Литмир - Электронная Библиотека

У принца тоже был грустный вид, он был погружен в собственные мысли; он не любил прощаться, а теперь, похоже, настала пора расставаний — и как раз когда он вышел на несколько весьма многообещающих и полезных партнеров. Когда Гален в первый раз попытался выведать, кто они, эти его новые знакомцы, принц ответил уклончиво, не хотел пугать старика. А еще он решил сначала сам хорошенько прощупать новых друзей. Он тщательно изучал их фотографии и сведения о них в полицейских досье, предоставленных ему шефом жандармов. А самому шефу предложили отличную должность с прекрасным жалованием в Каире, чтобы он учил уму-разуму египетских полицейских. Ситуация складывалась неплохая — вот только война могла все испортить; знать бы наверняка, что Франция останется свободной… Он представил фотографии своих новых друзей: Понтия, Мерлиб, Зогхеб, Аккад… Замечательная галерея.

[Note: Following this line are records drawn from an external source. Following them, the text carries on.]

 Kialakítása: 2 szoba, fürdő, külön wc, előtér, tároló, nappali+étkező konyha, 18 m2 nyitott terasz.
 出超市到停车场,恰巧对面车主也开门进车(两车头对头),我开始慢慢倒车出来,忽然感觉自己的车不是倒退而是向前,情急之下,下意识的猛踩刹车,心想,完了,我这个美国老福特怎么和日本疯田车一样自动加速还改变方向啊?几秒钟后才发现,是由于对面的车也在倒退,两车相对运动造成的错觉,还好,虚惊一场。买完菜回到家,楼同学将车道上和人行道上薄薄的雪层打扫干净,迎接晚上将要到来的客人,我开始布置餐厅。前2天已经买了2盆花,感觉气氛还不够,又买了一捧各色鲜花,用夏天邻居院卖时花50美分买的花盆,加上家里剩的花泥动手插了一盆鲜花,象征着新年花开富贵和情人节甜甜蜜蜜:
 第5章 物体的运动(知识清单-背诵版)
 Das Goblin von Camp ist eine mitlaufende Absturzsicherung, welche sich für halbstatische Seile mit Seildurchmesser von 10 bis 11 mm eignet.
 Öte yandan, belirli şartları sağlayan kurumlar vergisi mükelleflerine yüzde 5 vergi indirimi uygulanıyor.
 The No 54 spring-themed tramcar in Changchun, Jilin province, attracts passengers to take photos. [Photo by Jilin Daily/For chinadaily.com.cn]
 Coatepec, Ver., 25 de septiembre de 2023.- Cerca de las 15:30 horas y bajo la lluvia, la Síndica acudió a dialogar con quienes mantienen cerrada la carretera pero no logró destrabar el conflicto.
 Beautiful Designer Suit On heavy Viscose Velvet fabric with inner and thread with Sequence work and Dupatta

Мощные челюсти, взгляды, точно у каракатиц, всклокоченные волосы, носорожьи носы! Великолепно! И что удивительно: все выглядели, как крупные церковные чины, папы римские в мирской одежде. Принц мысленно погладил эти образы, будто воображаемых котов. Наверно, надо немного помучить Галена. Он издал короткий сухой смешок и увидел, как хозяин весь напрягся от боли.

— Вы спрашиваете о моих теперешних партнерах? — произнес принц. — Интересно, вас удивит то обстоятельство, что все они — бывшие епископы, аббаты, капелланы и приходские священники — церковники!

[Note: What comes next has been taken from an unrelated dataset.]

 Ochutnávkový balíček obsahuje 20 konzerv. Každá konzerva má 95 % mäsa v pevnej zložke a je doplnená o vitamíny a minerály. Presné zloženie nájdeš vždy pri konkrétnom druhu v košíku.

Гален и вправду удивился, а принц демонстративно захихикал еще раз, но потом ударил ладонью по колену и, не выдержав, рассмеялся, уже искренне, глядя в потолок. Он был похож на пьющего воду цыпленка. Катрфаж, посвященный в «шутки» принца, тоже издал уничижительный смешок. Однако Гален понял, что над ним подтрунивают.

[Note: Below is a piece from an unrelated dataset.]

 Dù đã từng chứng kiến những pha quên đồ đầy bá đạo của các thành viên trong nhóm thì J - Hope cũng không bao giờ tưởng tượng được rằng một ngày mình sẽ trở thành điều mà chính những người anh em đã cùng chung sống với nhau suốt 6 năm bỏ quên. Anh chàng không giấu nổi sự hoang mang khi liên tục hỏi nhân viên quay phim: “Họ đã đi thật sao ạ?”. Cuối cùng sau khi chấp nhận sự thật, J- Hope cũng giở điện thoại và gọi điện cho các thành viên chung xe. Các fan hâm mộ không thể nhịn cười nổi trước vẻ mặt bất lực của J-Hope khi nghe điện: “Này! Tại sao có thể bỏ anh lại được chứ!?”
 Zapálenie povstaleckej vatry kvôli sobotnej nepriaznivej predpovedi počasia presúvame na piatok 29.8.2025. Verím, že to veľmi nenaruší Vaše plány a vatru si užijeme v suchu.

— Неужели? — переспросил он не без раздражения, но и не без радости.

— Мой дорогой, — отозвался принц, — я подавился смехом. Не обижайтесь, со мной такое бывает. Давлюсь. То от смеха, то от волнения. Они все великие преступники.

— Преступники! — эхом отозвался Гален, со свистом втянув воздух. — Вы сотрудничаете с преступниками?

— Увы, — сказал принц, — я бы и рад, они могут оказаться очень полезными людьми. Однако теперешнее положение в мире таково, что я не имею права рисковать даже малой частью государственных средств, казной Египта. Проклятая война…

Да, видимо, любые рассуждения о чем бы то ни было, неизбежно упирались в cul de sac, в глухую кирпичную стену предвоенного положения.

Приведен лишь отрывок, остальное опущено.